#### What the task asks
The range runs from the line containing "Плиссированная длинная юбка-поло, свободное" to the last line of the entries. Restate those lines word for word, without the pictures.

#### Dataset excerpts
══════════

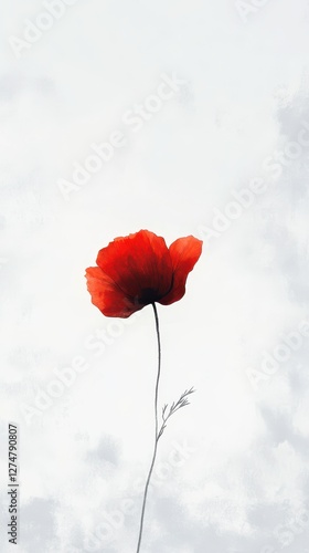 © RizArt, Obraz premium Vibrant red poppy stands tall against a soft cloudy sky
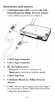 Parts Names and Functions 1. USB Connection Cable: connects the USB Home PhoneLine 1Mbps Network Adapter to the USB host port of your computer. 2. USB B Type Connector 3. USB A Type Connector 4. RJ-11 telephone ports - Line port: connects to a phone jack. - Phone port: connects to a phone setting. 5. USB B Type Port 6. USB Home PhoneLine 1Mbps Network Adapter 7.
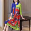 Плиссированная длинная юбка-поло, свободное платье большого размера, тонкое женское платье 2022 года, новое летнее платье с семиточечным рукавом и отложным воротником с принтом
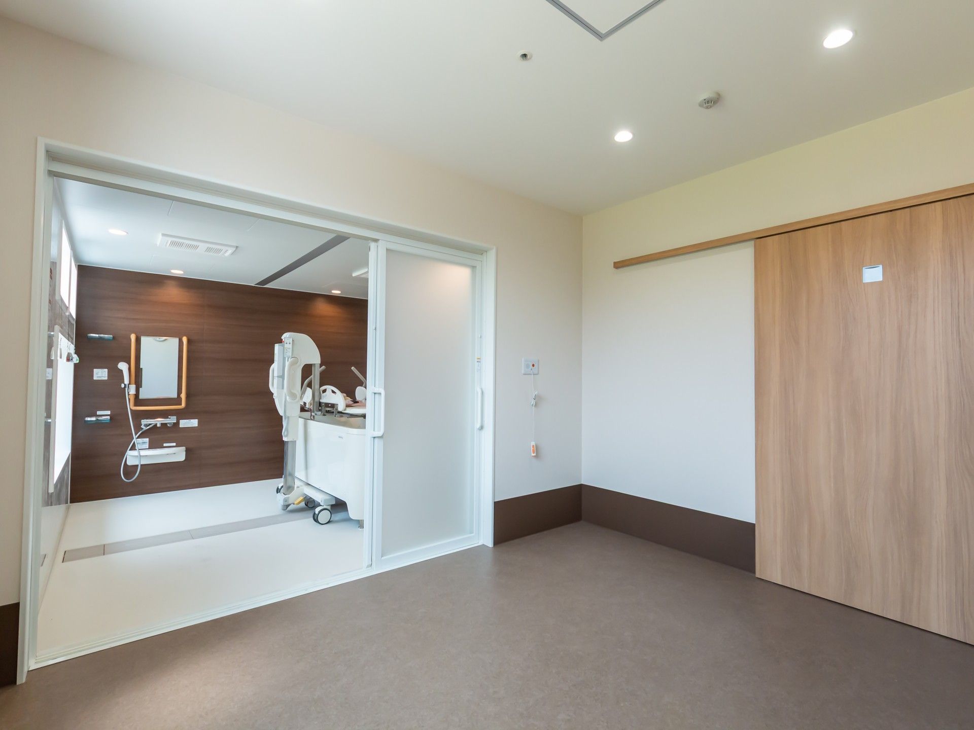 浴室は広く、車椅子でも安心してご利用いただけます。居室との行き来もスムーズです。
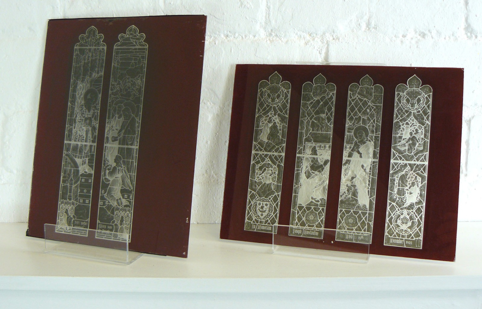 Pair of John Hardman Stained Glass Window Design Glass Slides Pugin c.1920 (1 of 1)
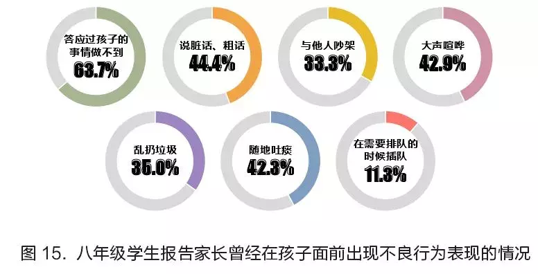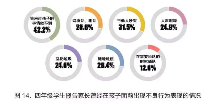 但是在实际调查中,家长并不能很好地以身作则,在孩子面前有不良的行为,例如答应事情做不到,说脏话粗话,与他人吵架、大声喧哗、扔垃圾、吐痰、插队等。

══════════

#### Response to the exercise
 Плиссированная длинная юбка-поло, свободное платье большого размера, тонкое женское платье 2022 года, новое летнее платье с семиточечным рукавом и отложным воротником с принтом
 浴室は広く、車椅子でも安心してご利用いただけます。居室との行き来もスムーズです。
 Pair of John Hardman Stained Glass Window Design Glass Slides Pugin c.1920 (1 of 1)
 但是在实际调查中,家长并不能很好地以身作则,在孩子面前有不良的行为,例如答应事情做不到,说脏话粗话,与他人吵架、大声喧哗、扔垃圾、吐痰、插队等。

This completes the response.